On Side A, smile your way through two songs by The Teacher Haters — in fact, we challenge you to get through these tracks without smiling. Even the name of the band invokes a chuckle as it suggests what these guys are about — and that’s the P-A-R-T-Y. Straight out of the 60s comes a group that could have been played with Sam The Sham & The Pharaohs back in the day.
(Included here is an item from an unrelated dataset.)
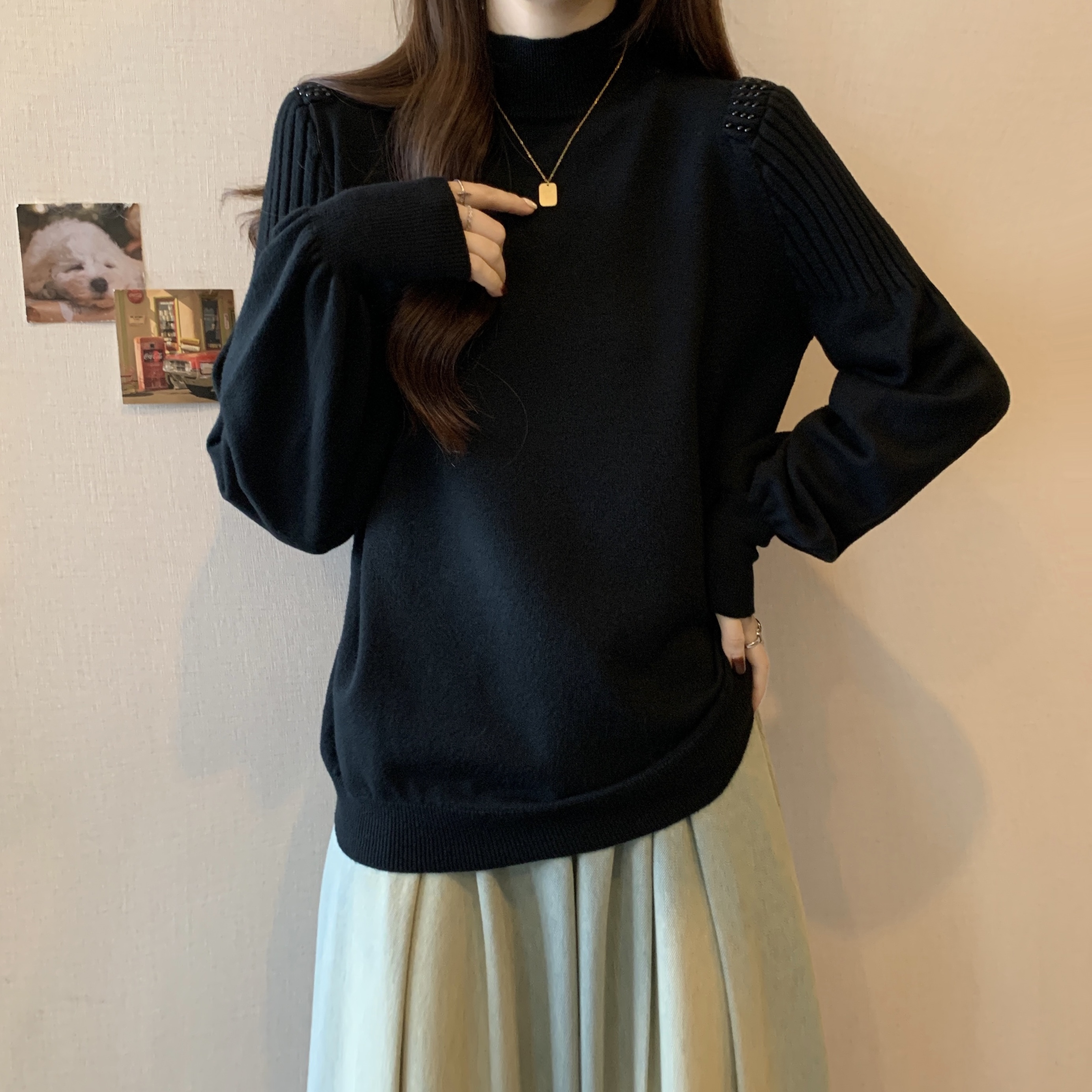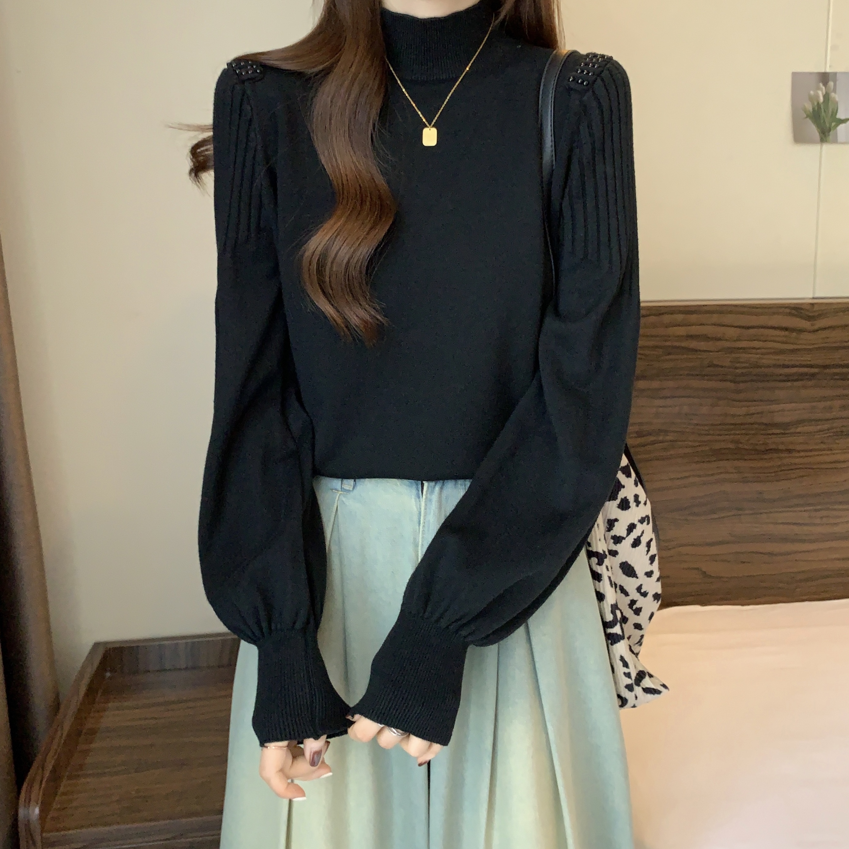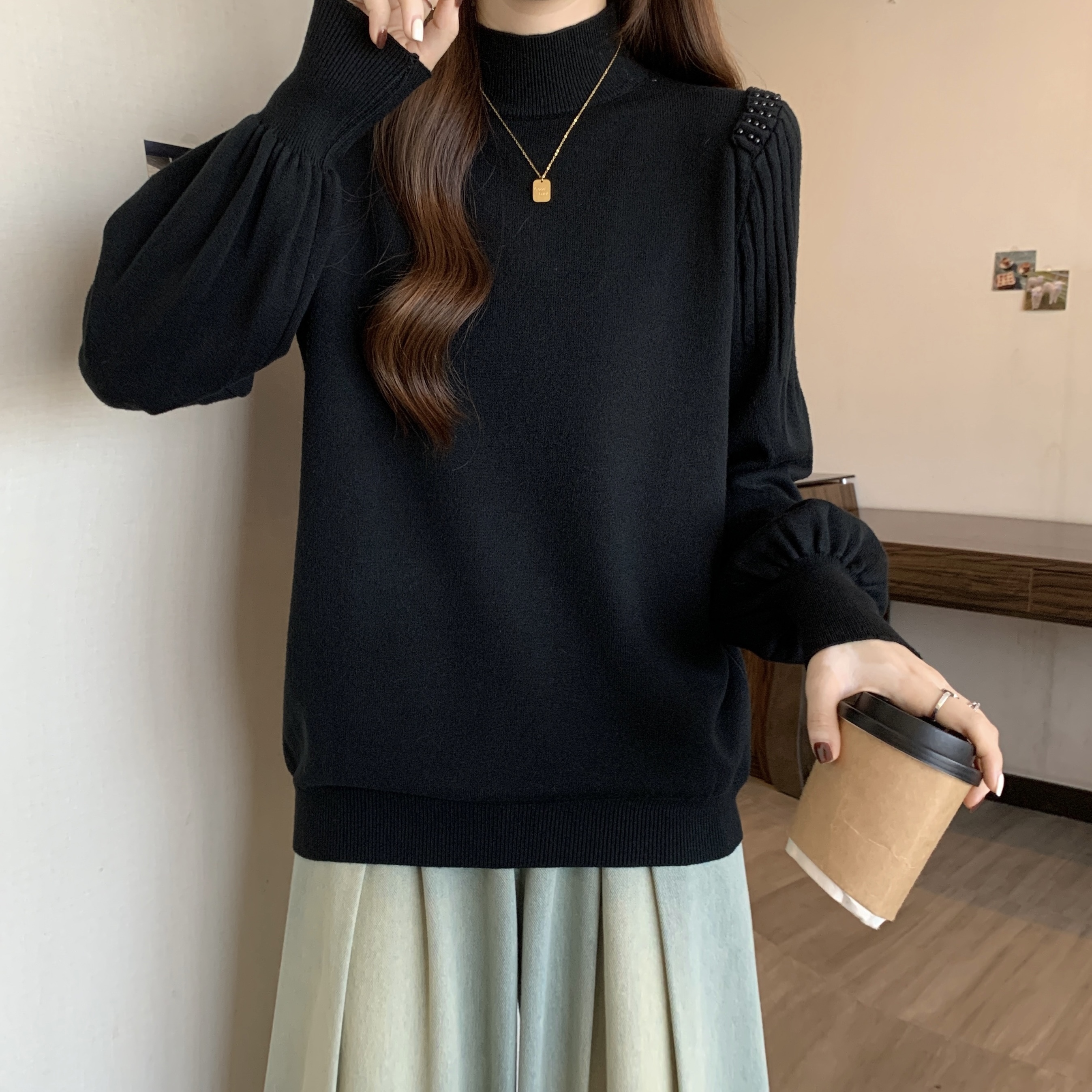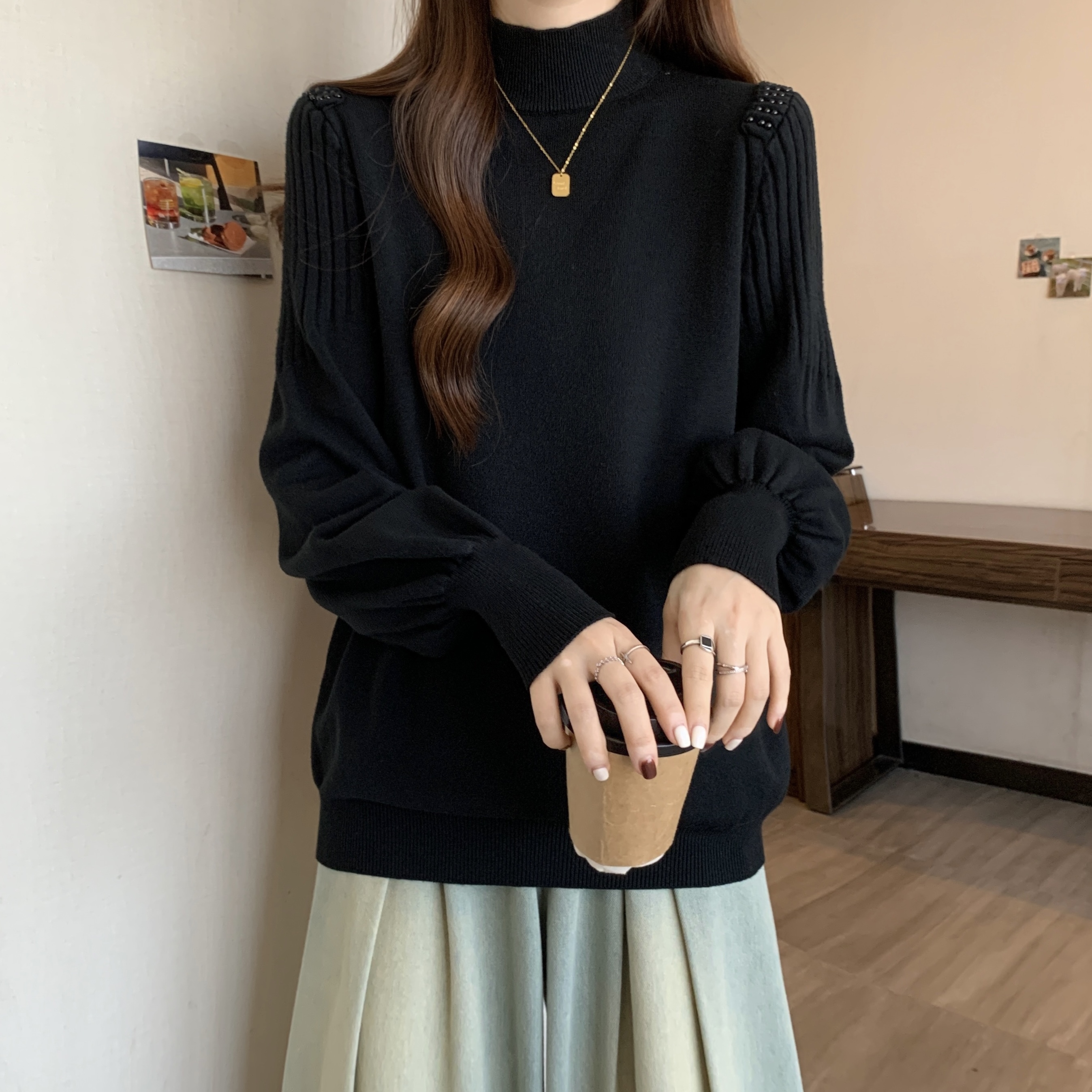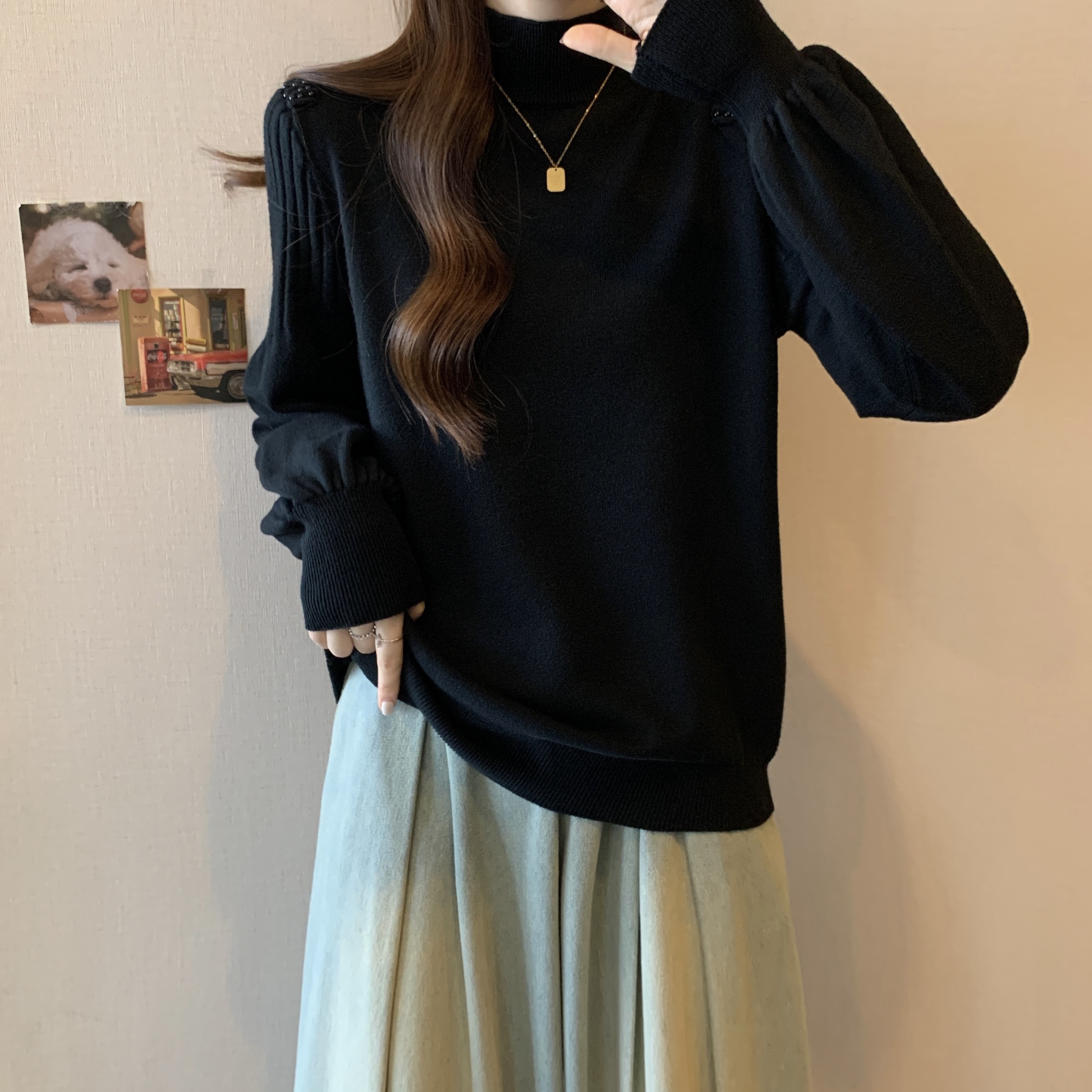 高級感黑色毛衣女秋冬半高領針織打底衫內搭慵懶風寬松燈籠袖上衣

These whimsical works are deceptively deep as they take us to a time when garage punk fused with R&B.
Big Pig Alley is uncomplicated, and that’s what makes it great — it sounds like a bunch of college guys having a good time, writing lyrics on the spot: “If you’re lookin’ for romance, take a train, take a plane...or a raft to France.” The guys have something other than romance on their minds as they chug along on acoustic guitar and trash can drums (and possibly other things). What really makes the track, though, is the witchy background voice — the performance is loose enough, while the witch is doing his own thing entirely.
The witch returns on the second track on Side 1 in the up-tempo, dance-ready Cut Loose. No obscure artistry here — these guys tell you exactly what the song is for in the title. In fact, just in case you missed it, they state their thesis in the opening lines: “I wanna shake all night, I wanna do it right, I wanna dance, dance, dance with you…” All of their collegiate effort is put toward getting you to move your hips in this groovy, rockabilly-flavored mix.
Let's talk about Side B...
We Got A Thing is up first — a crossover soul dancer that invites you to sing along with an infectious, call-and-response chorus. It pairs nicely with The Teacher Haters as fun, simple party music from the 60s — though this time from a female perspective.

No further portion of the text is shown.